Recently spent like 0.5% of my life doing research on using reinforcement learning to discover quantum error correcting codes arxiv.org/abs/2502.14372 came up with this new perspective to attack the problem and outperformed the previous state of the art in a few metrics by quite a bit, so it seems I'm an "expert" now... fortunately (or unfortunately) it seems everyone else is quite clueless as well. should see the paper published somewhere within a year, I never realized how slow publishing was before... the median time to accpetances at some of the top journals is around 200-300 days...

Currently writing up a proposal for a robot combat competition (will link before april 14th), the main focus will be co-optimziation of morphology and control and theres a $20k usd prize pool.

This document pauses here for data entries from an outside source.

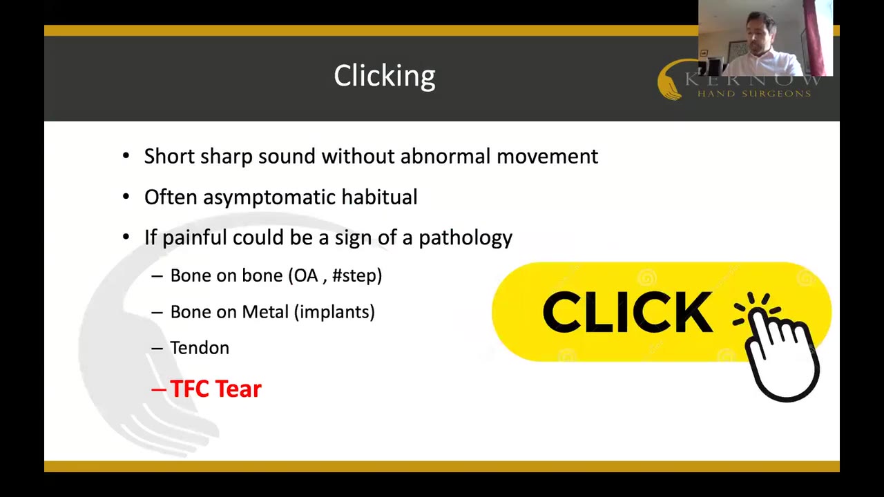 This video transcript features a detailed talk by Anmar Al-Shawi focusing on wrist mechanics, specifically the causes and significance of clicking and clunking sounds in the wrist. Al-Shawi explains that clicking is a common occurrence often linked to specific movements, which may or may not cause pain. He delves into the triangular fibrocartilage (TFC), drawing parallels between TFC tears and meniscus injuries, emphasizing that they can be traumatic in younger individuals or degenerative in older ones. Diagnosis involves a combination of clinical history, examination, and imaging techniques, including MRI and wrist arthroscopy to confirm the presence of tears and assess joint condition.
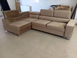 Narożnik wyposażony w funkcję spania w systemie rozkładania typu delfin oraz pojemnik na pościel umieszczony w otomanie narożnika.
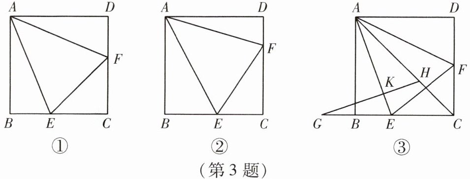 3. (2022·黔西南州中考)在正方形 $ABCD$ 中,$E$,$F$ 分别是 $BC$,$CD$ 边上一点(点 $E$ 不与点 $B$,$C$ 重合),且 $\angle EAF = 45°$.
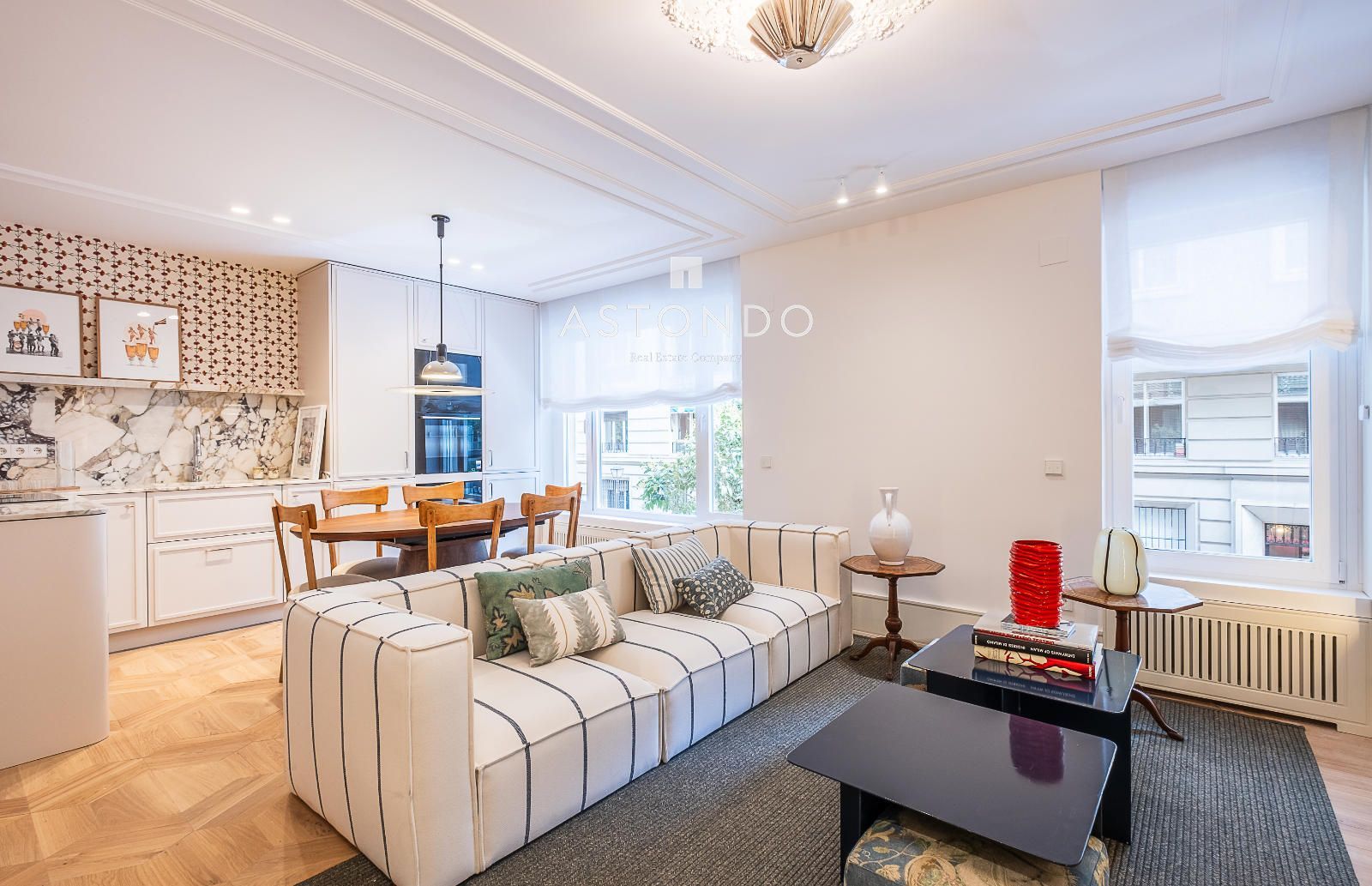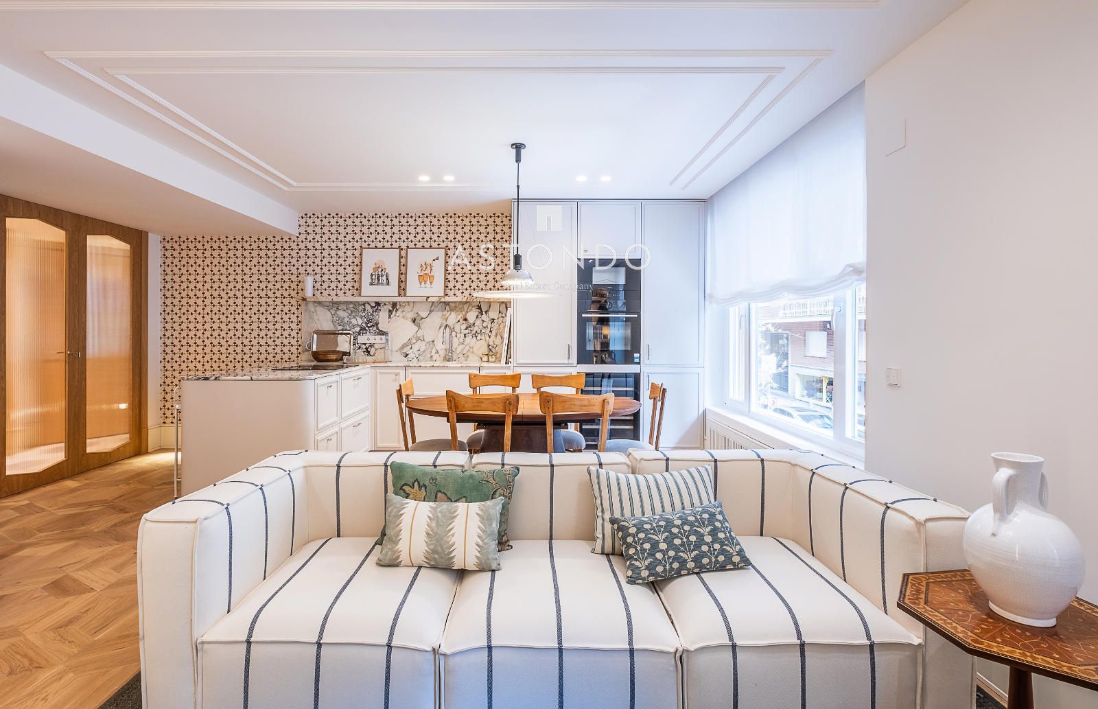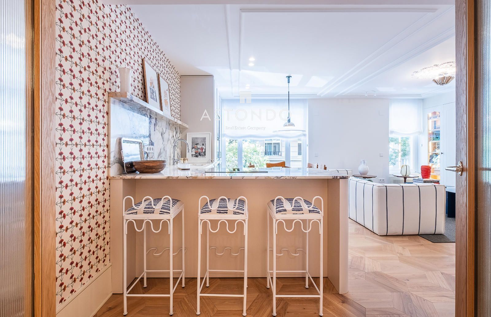 In the heart of the Salamanca district, in the Recoletos neighborhood, we present an exclusive apartment, renovated this year with luxury finishes and a design by the prestigious Pilar García-Ferrer interior design studio, renowned for the quality and design it brings to its projects, creating truly unique homes.
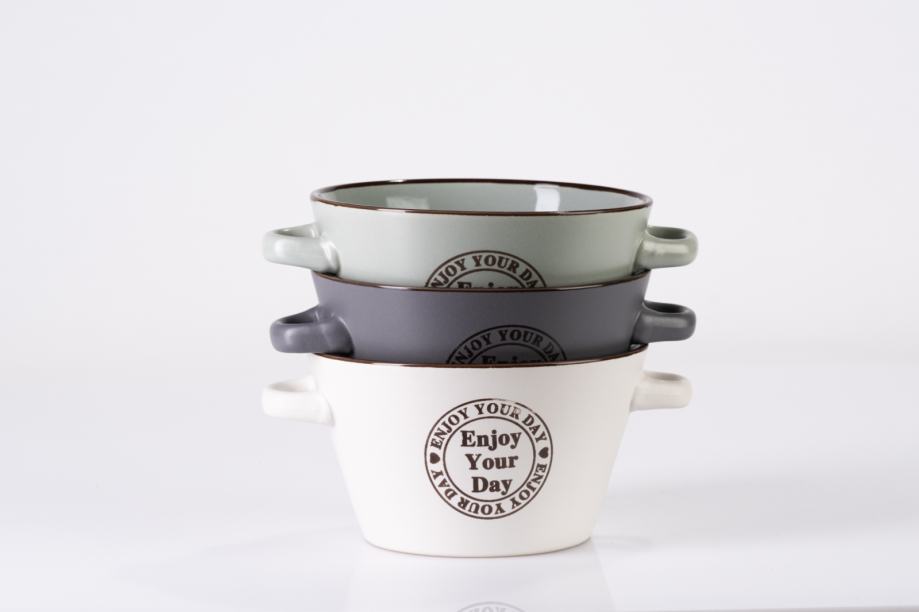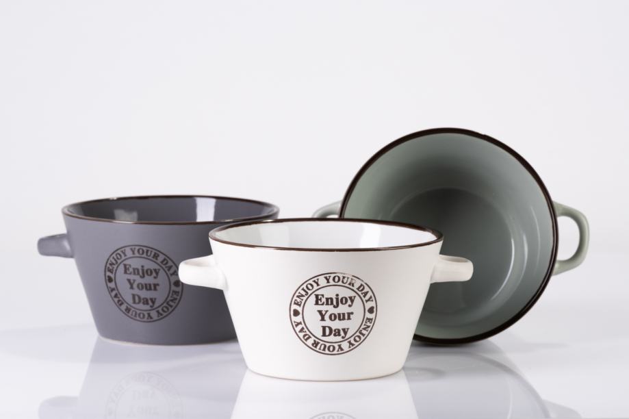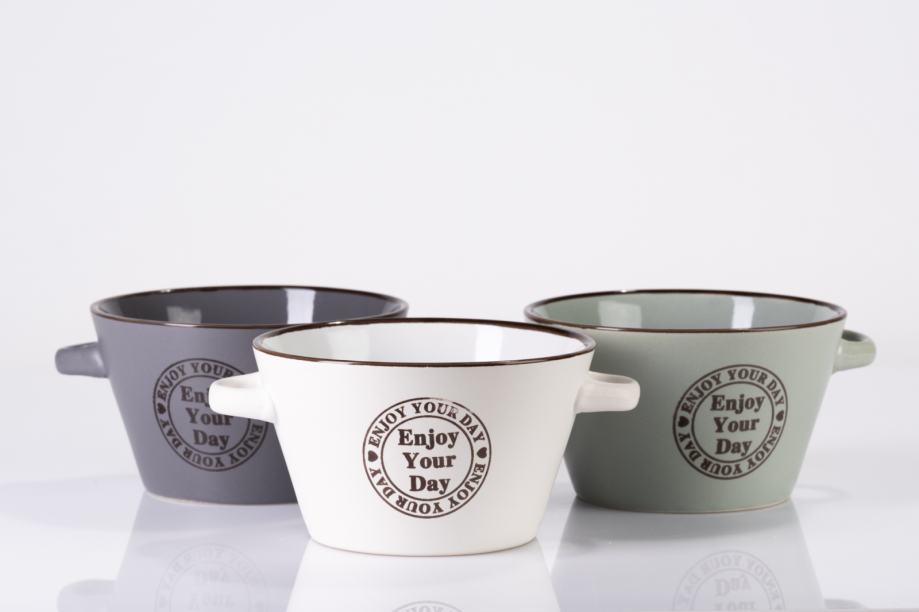 Elegantna keramična skodelica z udobnimi ročaji in dekorativnim napisom Enjoy Your Day. Primerna je za serviranje juh, solat, testenin ali kot okrasni element v kuhinji. Kakovostna izdelava zagotavlja trpežnost in dolgo obstojnost. Na voljo v različnih barvah (bela, siva, zelena) – barvo izberete po želji. Večji nakup prinese večji popust!
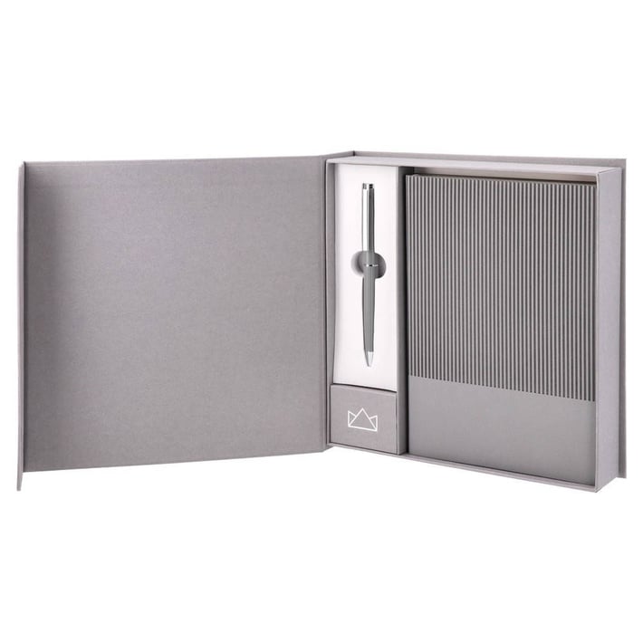 • Подаръчен комплект с тефтер A5 и метална химикалка, представен в луксозна кутия.
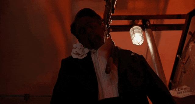 黑暗中一名男子走进了干洗店,按动了开关。
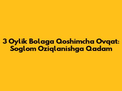 3 oylik bolaga qo'shimcha ovqat berish – bu mas'uliyatli jarayon. Ushbu maqolada sizga ushbu jarayonning asosiy jihatlari, ya'ni qachon boshlash kerakligi, nima berish kerakligi va qanday qilib to'g'ri taqdim etish haqida ma'lumot berishga harakat qildik. Esingizda bo'lsin, har bir bola individualdir. Shifokor bilan maslahatlashish va bolaning reaksiyasini kuzatish juda muhim. Sabr-toqat bilan bolangizga sog'lom oziqlanishni o'rgating va uning sog'lom rivojlanishidan zavqlaning. Unutmang, bolaning rivojlanishi uchun to'g'ri ovqatlanish muhim omillardan biridir.
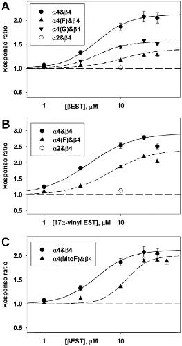 Fig 3. The effects of mutations on the concentration-effect relationship for potentiation.Data are shown for mutations of the tryptophan residue (WLAGMI; panels A and B) and the methionine residue (WLAGMI; panel C). ACh was applied at a concentration producing a response that produced a response of about 5 to 7% of maximal in the absence of steroid. The α subunit was expressed with β4 at an injection ratio of 20:1. The concentration-response relationship for potentiation was characterized by fitting a 3 parameter Hill equation to the ratios (Z[drug] = 1 + Zmax (1 / (1 + (EC50/[drug])^nHill), where Z is the response to a concentration of ACh in the presence of drug relative to that in the absence, Zmax is the maximal effect, EC50 is the concentration producing half-maximal potentiation, and nHill is the Hill coefficient. The fits did not include points that appeared to demonstrate block (e.g. data with 30 μM 17α-vinylestradiol). The data from each cell were fit separately, giving the following mean parameter estimates for βEST: α4: Zmax = 1.12 ± 0.12 (11 cells) and EC50 = 4.92 ± 0.48 μM; for α4(F): 0.41 ± 0.06 (3) P = 0.0002 and 10.43 ± 2.00 μM P = 0.4; for α4(G): 0.56 ± 0.03 (4) P = 0.001 and 4.90 ± 0.38 μM P = 0.98; and for α4(MtoF): 1.00 ± 0.03 (8) P = 0.34 and 11.76 ± 0.39 μM P < 0.0001, with values given as mean ± SE (number of cells) and significance of difference to α4 by t-test. The best-fitting estimates for 17α-vinylestradiol are: α4: 1.93 ± 0.06 (3) and 3.84 ± 0.27 μM and α4(F): 1.41 ± 0.08 (4) P = 0.004 and 7.32 ± 0.68 μM P = 0.010. The points show mean ± SE while the lines show the relationship predicted by the mean fit parameters.

Already got the domain roboarena.io , it'll be live before may 15th... the environment and a baseline are also working now, so its mainly just writing up the proposal and I would have ran some more experiments myself, but don't really feel like spending another 0.5% of my life on this. Anyways, evolutionary morphology is pretty fascinating, and if I had the opportunity to ask just a few questions to god or agi or whatever you think some all knowing entity would be, this would be on my list.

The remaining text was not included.